Why this work matters

Adversarial ML for network intrusion detection has a data problem that compounds every other problem. You cannot robustly evaluate IDS against novel or rare attacks if you only have 5 training samples of them. You cannot build adversarially trained detectors if your training distribution does not reflect the tail. And you cannot trust the output of a GAN or VAE unless you have an independent mechanism to reject the packets it generates that are physically impossible.

This repository proposes one answer: make validity a hard constraint in the generation pipeline, not a hopeful property of the loss function. Dual anomaly-detection gating plus feature clamping plus independent validation gives you synthetic data whose validity can be verified before you use it downstream, which is a different kind of data than what existing generators produce.

Skills demonstrated

Synthetic data generation, anomaly detection (OCSVM, Isolation Forest), genetic algorithms / multi-objective optimization, PCA-based latent sampling, adaptive regularization under class imbalance, independent-validation experimental design, reproducibility practices, scientific Python tooling, IoT network security, IDS training-data engineering.

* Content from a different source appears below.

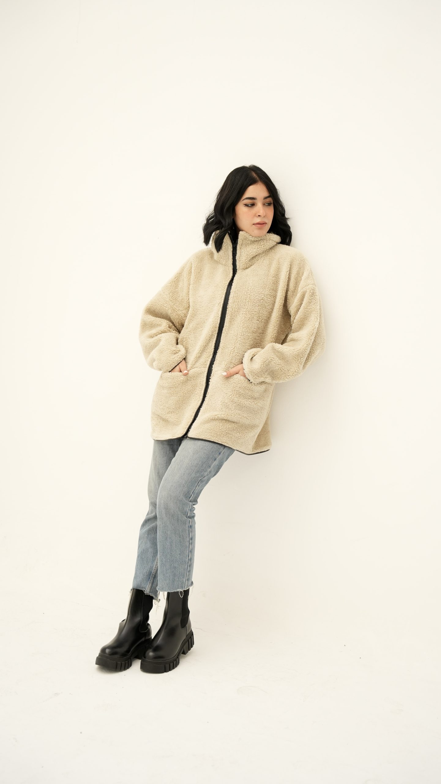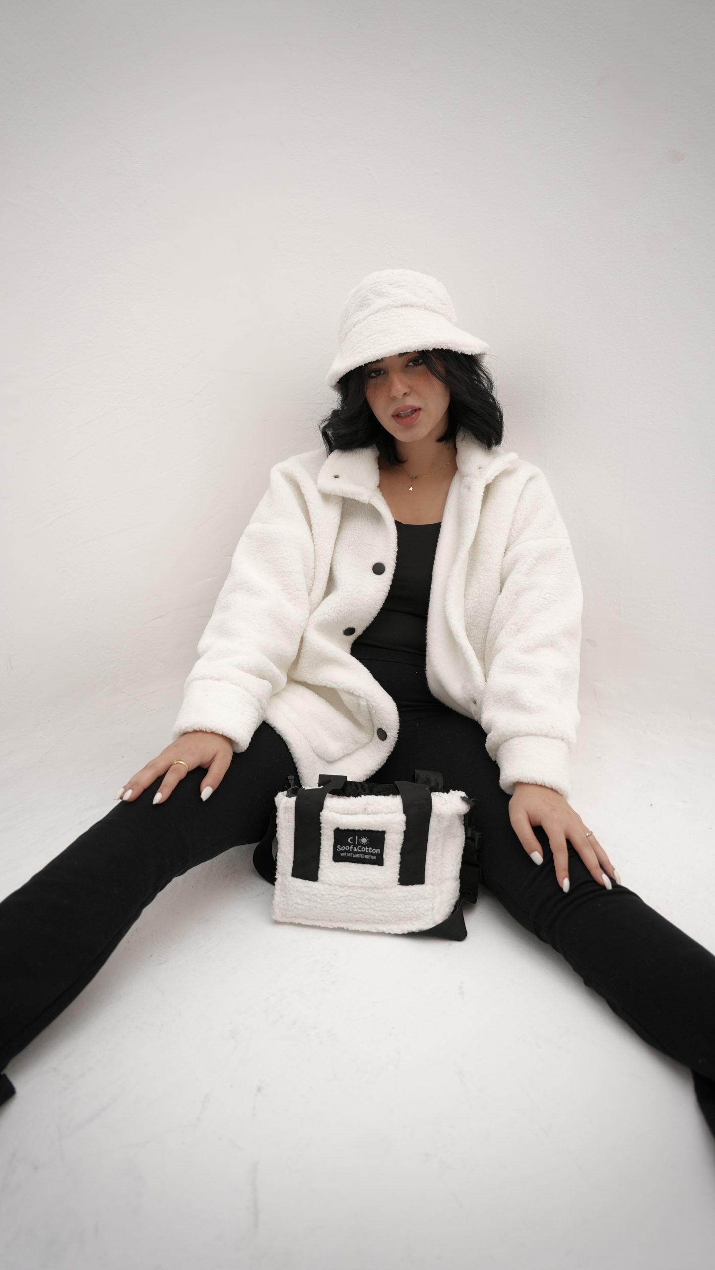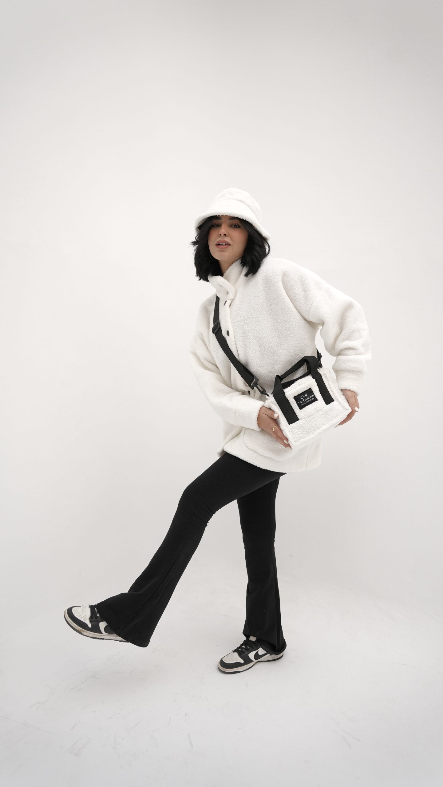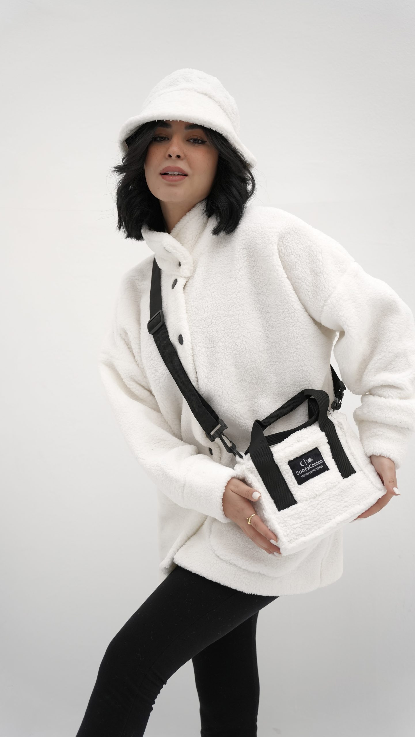 white fur jacket with soft and comfortable design. It has front snap closure and practical side pockets, perfect for cold weather and a stylish everyday look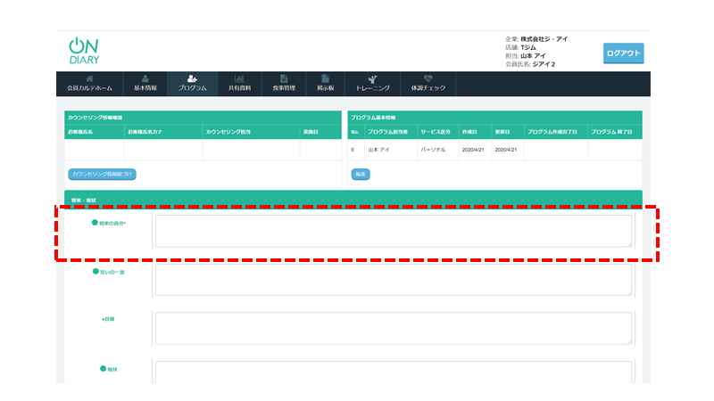 会員カルテからプログラムを作成する際の以下の項目が必須となりました。

Skills mapped to job postings

• “Synthetic data generation” — two complementary methods implemented end-to-end on a production-scale IoT security dataset
• “Class imbalance handling” — 200× amplification of a 5-sample category with validator acceptance
• “Anomaly detection at scale” — OCSVM + Isolation Forest dual-gating with adaptive regularization across five orders of magnitude of class size
• “Genetic algorithms / evolutionary computation” — P=200 multi-objective GA with composite fitness, three crossover and three mutation operators, elitism and stagnation restart
• “Experimental rigor” — independent validation with strict parameter separation between generation and assessment phases
• “Reproducible ML” — fixed seeds, pinned dependencies, complete hyperparameter tables, documented hardware
• “Collaboration with government / defense research” — DoD Cooperative Agreement, collaboration with U.S. Military Academy at West Point

Related work in my portfolio

This repository is part of a coherent research program across adversarial ML for network security:

• Robustness-of-NIDS — the adversarial-robustness side: three-architecture comparison (CNN, LSTM, Random Forest) under FGSM/PGD/CLEVER, formalizing the False Champion Problem. IEEE Access submission.
• SOC-home-lab — detection infrastructure: 11-service Dockerized SOC with Sigma rules, threat hunting, and ATT&CK-mapped adversary emulation
• ATTACK-Coverage-Dashboard — MITRE ATT&CK detection-coverage analytics with weighted scoring across 130+ threat actors
• Phishing-URL-Detector — production-shaped ML service with SHAP explainability and PSI drift monitoring

The synthetic-generation work here provides the data that the robustness work uses: if Robustness-of-NIDS measures where detectors fail, this repository gives you the training data to fix them for the rare attack classes standard oversampling cannot touch.

Paper

Synthetic Network Packet Generation through Statistical Learning and Genetic Algorithms. Raj, M., Bastian, N. D., Kul, G., Fiondella, L. Under review at ICCCN 2026.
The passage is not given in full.